FOX45 News continues to question transparency for City's federal Covid money reporting

Originally published on FOX45 News

MPPI in the News Mikenzie Frost | FOX45 News Mar 9, 2022

BALTIMORE (WBFF) — Getting specific details about where Baltimore’s federal Covid-19 money will be spent remains a challenge, despite Mayor Brandon Scott touting the city’s data dashboard.
 

Baltimore City received $641 million in total from the American Rescue Plan; the Covid-19 bailout package from Congress. Mayor Scott announced $50 million would be invested in community violence prevention programs, with $22 million set aside for gun violence prevention efforts, like Safe Streets.
 

But specific information about how programs will utilize their chunk of the funding remains unclear. FOX45 News questioned Mayor Brandon Scott about the apparent lack of detail on the city’s dashboard detailing where the money is spent and how it’s allocated.
 

“It will be consistently be updated,” Scott said, noting once the money is allocated to various programs, the details would be included.
 

But it’s unclear once programs, like Safe Streets, get the money if the details about where – like on salaries or programming – will be included.
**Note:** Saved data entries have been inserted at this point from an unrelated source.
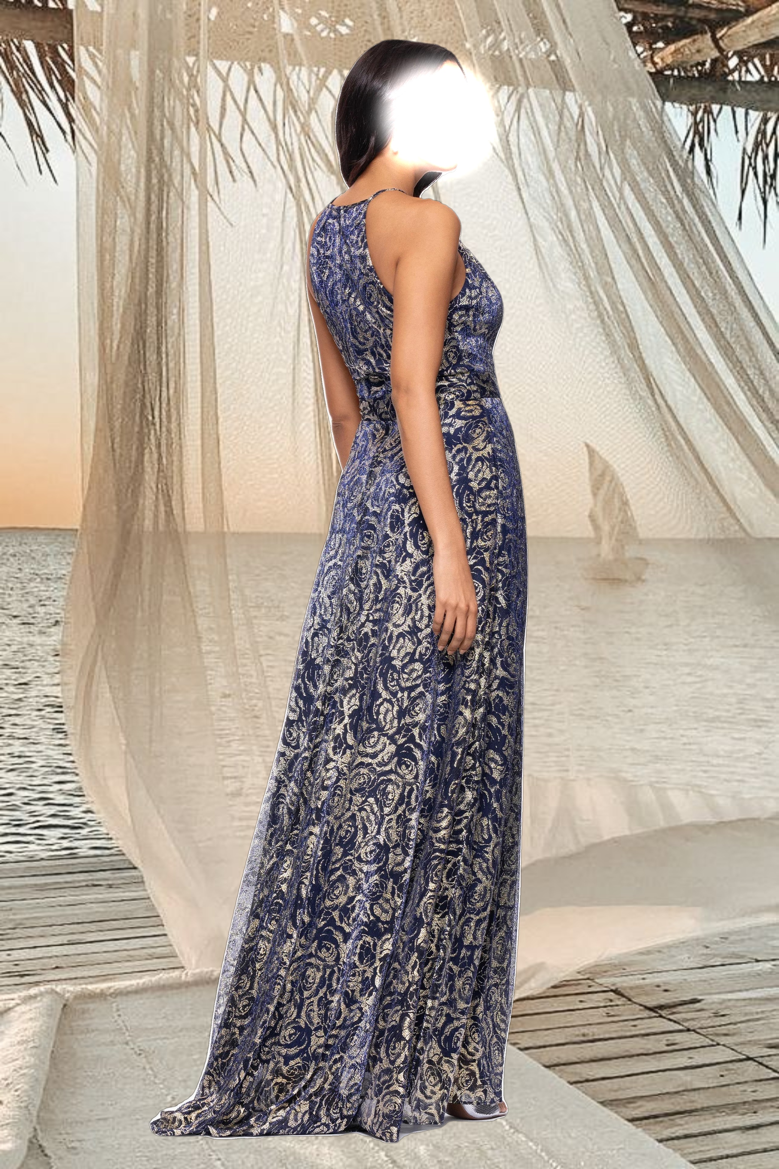 "Shelley" Metallic Foil Halter Neck Floor Length Dress
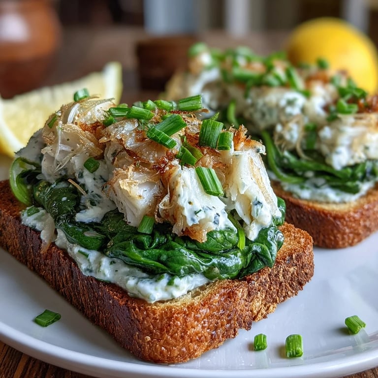 These smoked haddock and spinach rye toasts deliver a protein-rich breakfast in just 20 minutes. Gently poached haddock is flaked over buttery wilted spinach and creamy crème fraîche, all piled onto crisp rye toast. The combination of tender fish, earthy greens, and hearty bread creates a satisfying British-inspired morning meal. Finish with fresh chives and a squeeze of lemon for brightness.
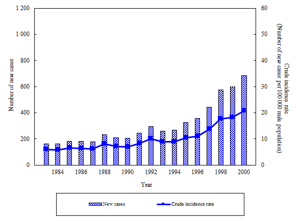 Number of new cases and crude incidence rate of prostate cancer, 1983 to 2000 (View)
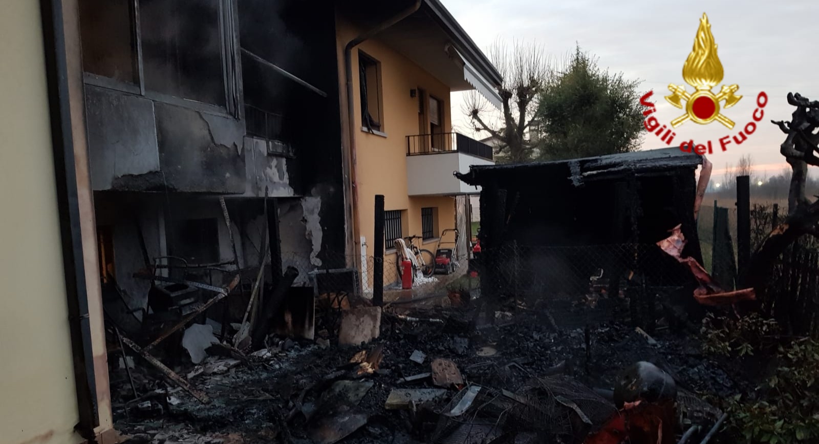 Ricovero attrezzi in fiamme, Vigili del fuoco al lavoro
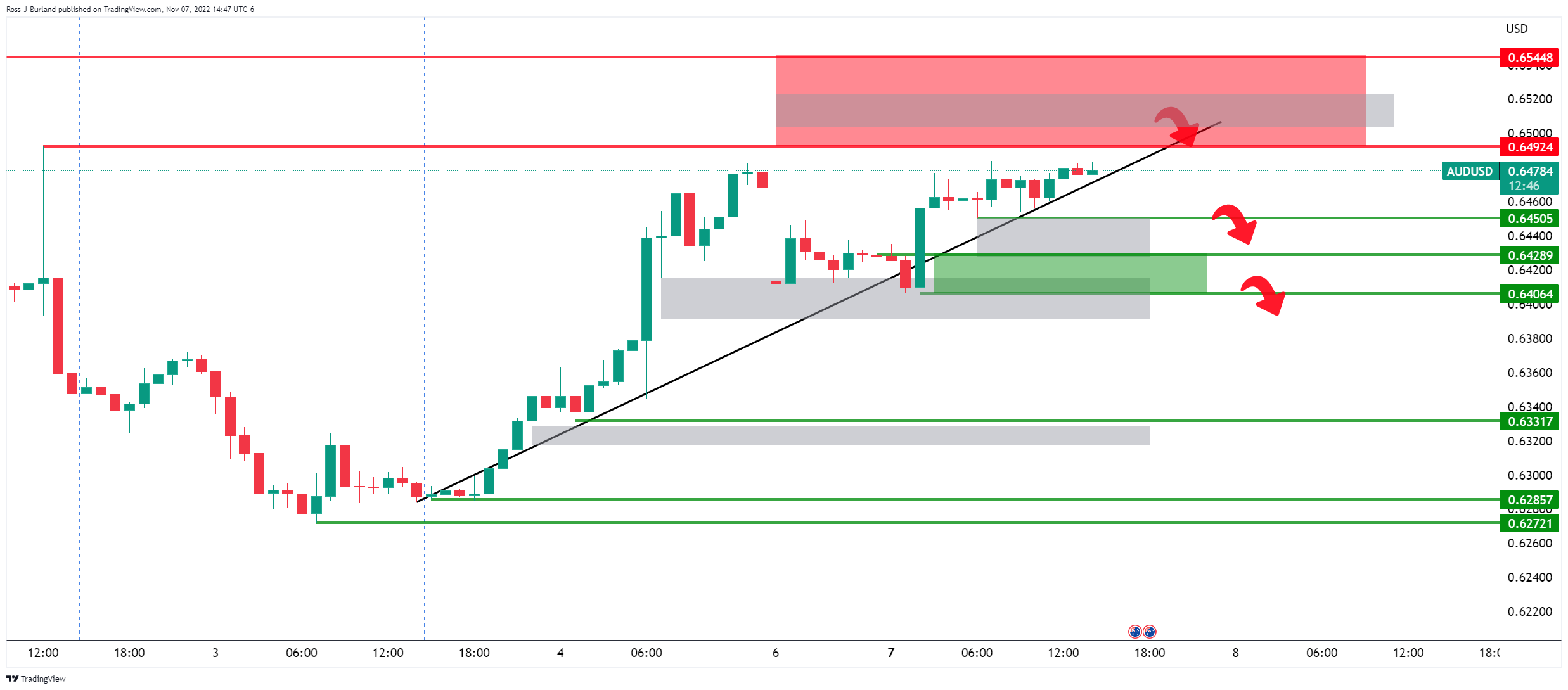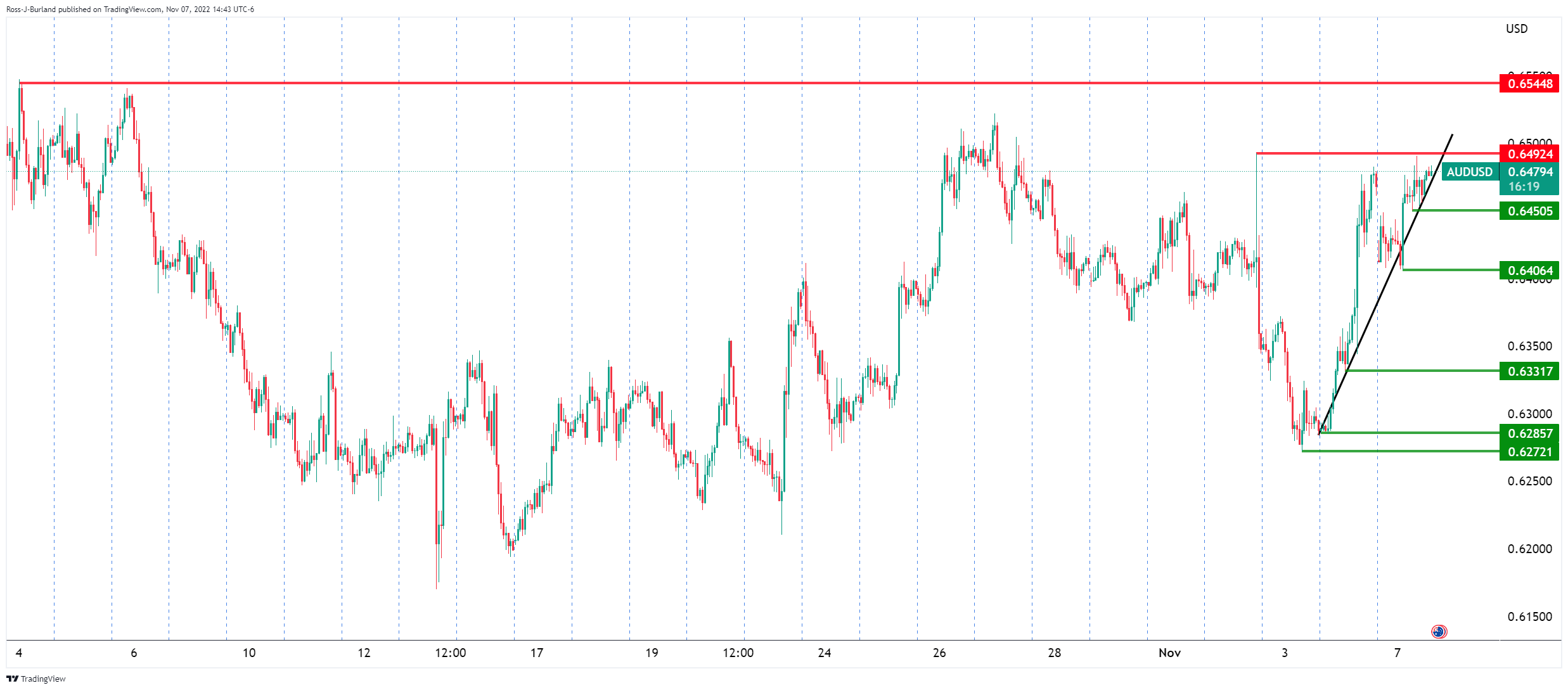 继上周五美国时段出现风险偏好情绪后,澳元兑美元周初上涨,需求上升。继上周公布的非农就业报告显示失业率上升至3.7%后,有迹象表明市场状况有所缓解。投资者希望,备受关注的美联储货币政策拐点可能即将到来,这将使全球股市的压力得到缓解。因此,正如下面的技术分析所显示的那样,美债收益率正停滞不前,澳元兑美元正加速接近上周高点。

Currently, that information is not available.
 

“Just knowing which organizations are receiving the money is not enough,” said David Williams, president of the Taxpayers Protection Alliance. “There needs to be more detail because these organizations are going to spend it on projects and programs, and the taxpayers deserve that information, that specific information to make sure the money isn’t wasted, to make sure the money goes to those in need.”
 

Mayor Scott doubled down on the city’s decision to invest more money into Safe Streets, despite three violence interrupters getting murdered within a year of each other while on the job and the effectiveness remains inconclusive, according to a FOX45 News analysis.
 

Sean Kennedy, a visiting fellow with the Maryland Public Policy Institute, said the city should spend the one-time funding elsewhere, especially given the prevalent violence problem in Baltimore.
 

“Instead of spending it on the criminal justice system, we’re going to spend it on do-gooders wandering around in T-shirts telling us that they are stopping violence,” Kennedy said. “Until Safe Streets can prove that it works, it makes no sense for city taxpayers, state taxpayers and federal taxpayers, or for that matter private donors, to give another dollar to Safe Streets.”
 

By law, the city must have all the money allocated by the end of 2024.